Resistance to apoptosis is a characteristic feature of tumor cells, and we thus investigated whether GPC3 is associated with cell apoptosis. We used the Annexin V PE/7-AAD assay to analyze the effect of GPC3 silencing on cell apoptosis. The data shown in Fig. 3 reveal that, compared to the control group, the apoptotic rate of HepG2 cells that were GPC3-silenced was notably increased (P<0.05). We conclude that GPC3 may affect cell apoptosis, since the inhibition of its expression markedly increases HepG2 cell apoptosis.

The effects of transfection with the GPC3-shRNA on cell invasion were investigated with the Transwell assay. The results of this assay (Fig. 4A) showed that HepG2 cell invasion is considerably inhibited by GPC3 silencing. Forty-eight hours after transfection with the GPC3-shRNA, the number of cells that successfully invaded through the Matrigel was significantly decreased compared to the blank control (Fig. 4B). To further investigate the GPC3-mediated effects on migration, a scratch wound-healing assay was performed. Wound healing was observed and measured at different time-points. At 24 h after wounding, the blank control cells had covered >50% the cell-free area, while the cells transfected with the GPC3-shRNA changed subtly compared with 0 h after wounding, as shown in Fig. 4C. Overall, these data indicate that the migration rate of GPC3-shRNA-transfected cells was lower than that of the blank control cells at the indicated time-points. We therefore conclude that the migratory and invasive ability of HepG2 cells is tightly linked to the expression of GPC3.

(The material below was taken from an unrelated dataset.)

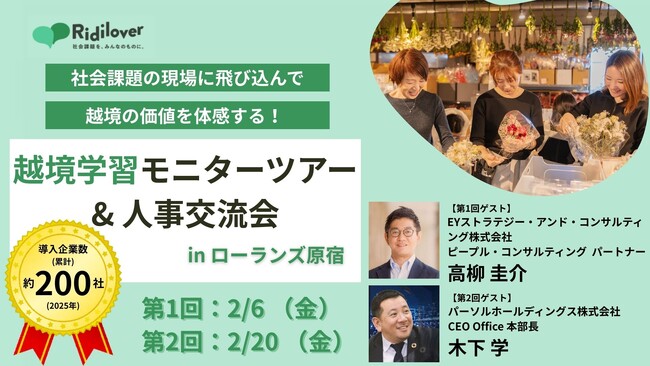 株式会社Ridilover(東京都文京区、代表取締役:安部敏樹)は、株式会社ローランズと共同で、企業の人事担当者に特化したモニターツアーイベントを開催いたします。
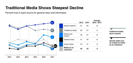 Edelman, la agencia de comunicación y relaciones públicas que más factura del mundo, ha publicado un estudio, con una muestra de 33.000 individuos de 28 países entre octubre y noviembre de 2016, que evalúa el grado de credibilidad de la comunicación de instituciones, empresas, ONGs y medios de comunicación. Apunta datos preocupantes, pues los españoles han disminuido su confianza en los medios de comunicación en cinco puntos, y España se mantiene en un nivel de confianza de 41 puntos entre la población mundial, en un estado ‘neutro’ de comunicación.

To further investigate the mechanism underlying the GPC3 silencing-induced changes in cell invasion and migration, we examined the expression of several invasion-related proteins by western blot analysis. It was previously demonstrated that GPC3 is associated with the Wnt signaling pathway, which is associated with the EMT process (33,34). Here, we examined the expression of the EMT-related proteins E-cadherin, Snail and Slug, of the Wnt signaling-associated protein β-catenin, and of the migration-related proteins MMP-2 and MMP-9. The results are shown in Fig. 5. The expression of the EMT-related proteins Snail and Slug decreased and that of E-cadherin increased compared to the blank and negative controls (P<0.05). The expression of β-catenin was markedly decreased after GPC3-shRNA transfection (P<0.05) and the expression of migrated associated proteins MMP-2 and MMP-9 were decreased in the HCC cells compared with the blank and negative controls (P<0.05). Therefore, GPC3 had an effect on the migration-associated proteins and the EMT-associated proteins in the HCC cell line. Combined with the data previously mentioned, these results suggested that GPC3 affects the invasion and metastatic abilities in the HCC cell line and had an association with the EMT program, which is important in cell invasion and migration.